In un tempo dominato dalla comunicazione, una serie di termini del Vangelo aiuta a vivere assieme al mistero divino.
In un’era dominata dai mezzi di comunicazione, un fiume di parole scorre nell’esistenza di ogni persona. Quanto distante è il radicalismo verbale di Gesù: «Il vostro parlare sia: sì, sì, no, no! Il di più viene dal maligno» (Mt 5,37). Sul sito del Cortile dei Gentili, il cardinale Gianfranco Ravasi ha ricordato l’operazione del biblista svizzero Jean-Michel Poffet: attingendo dai Vangeli, egli ha selezionato sette «piccole grandi parole», le quali una volta pronunciate cominciano a vivere, generando il bene o il male. I vocaboli, dunque, non muoiono una volta che sono detti, come si legge in Qohelet: «Tutte le parole sono logore e l’uomo non può più dirle».

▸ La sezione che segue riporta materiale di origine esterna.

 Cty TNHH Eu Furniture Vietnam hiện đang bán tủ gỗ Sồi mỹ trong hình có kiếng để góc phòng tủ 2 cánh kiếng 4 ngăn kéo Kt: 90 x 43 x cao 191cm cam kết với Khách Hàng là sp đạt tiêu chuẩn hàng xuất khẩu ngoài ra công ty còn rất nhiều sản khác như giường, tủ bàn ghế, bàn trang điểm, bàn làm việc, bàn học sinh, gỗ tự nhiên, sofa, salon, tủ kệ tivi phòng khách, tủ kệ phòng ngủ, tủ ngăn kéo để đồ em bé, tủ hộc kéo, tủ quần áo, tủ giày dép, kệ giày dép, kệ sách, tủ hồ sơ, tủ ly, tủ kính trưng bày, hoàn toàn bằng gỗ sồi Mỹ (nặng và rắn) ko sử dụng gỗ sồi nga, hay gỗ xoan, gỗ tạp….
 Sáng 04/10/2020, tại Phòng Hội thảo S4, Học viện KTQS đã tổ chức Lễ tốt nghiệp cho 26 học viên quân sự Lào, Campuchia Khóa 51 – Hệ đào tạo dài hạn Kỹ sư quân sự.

Il primo vocabolo, di matrice ebraica, è “amen”, ripetuto spesso meccanicamente al termine delle preghiere (tanto che lo si consuma in velocità, “in un amen”), ma che rivela fiducia, solidità, verità, adesione. Poi c’è “beato”, aggettivo inestricabilmente legato alle provocatorie Beatitudini di Cristo, le quali ribaltano la graduatoria dei valori della nostra società. È la volta di due imperativi: “vieni”, indirizzato da Gesù verso alcuni pescatori del lago di Tiberiade che stavano tirando a terra le reti e la cui vita cambierà totalmente, e “taci”, severo monito che risuona all’inizio della vita pubblica di Cristo per placare un indemoniato e durante la tempesta sul lago per placare la bufera.
Continuando con l’elenco, la preposizione “con” esprime l’amore in modo essenziale, tanto che il soprannome l’Emmanuele in ebraico è “Dio con noi” e nella Bibbia compare ben tremilacinquecento volte l’espressione «essere con». “Oggi” è sussurrato da Gesù morente al ribelle crocifisso accanto a lui («Oggi sarai con me in paradiso»), in un intreccio temporale tra passato, presente e futuro. Infine, il settenario si conclude con un corale “alleluja”.

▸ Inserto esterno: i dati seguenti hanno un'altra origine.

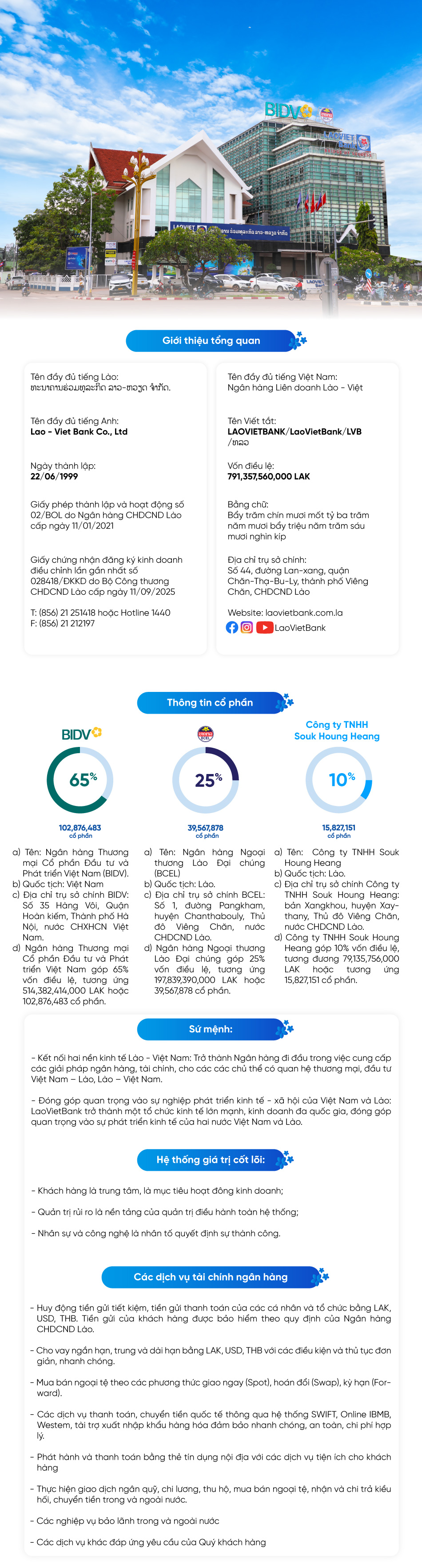 Thời gian giao dịch phục vụ khách hàng tại các Chi nhánh, Phòng giao dịch, Điểm giao dịch của LaoVietBank - Từ thứ 2 tới thứ 6: Từ 08h30 tới 16h00 (trừ ngày lễ, tết).

Questi vocaboli fanno da contraltare al silenzio del Signore, che è sì Logos, Parola, ma è anche un mistero, termine che deriva dal verbo greco “tacere”. Il profeta Elia scopre infatti Dio in «una voce di sottile silenzio» (1Re 19,12) e Giobbe quando lo sperimenta dice: «Io ti conoscevo per sentito dire, ora i miei occhi ti vedono» (Gb 42,5). Per questo, il pastore protestante francese Gérard Delteil ha detto: «Dio è il silenzio che dobbiamo rompere». Questo suo mutismo, che non va confuso con l’indifferenza che scandalizza molti (ad esempio di fronte alla Shoah o ai cataclismi della natura), va inteso come presenza nell’assenza, silenzio grembo della Parola, eros del tacere (due innamorati veri possono guardarsi negli occhi senza dire nulla), fede durante il vuoto della voce divina. È la responsabilità umana della libertà.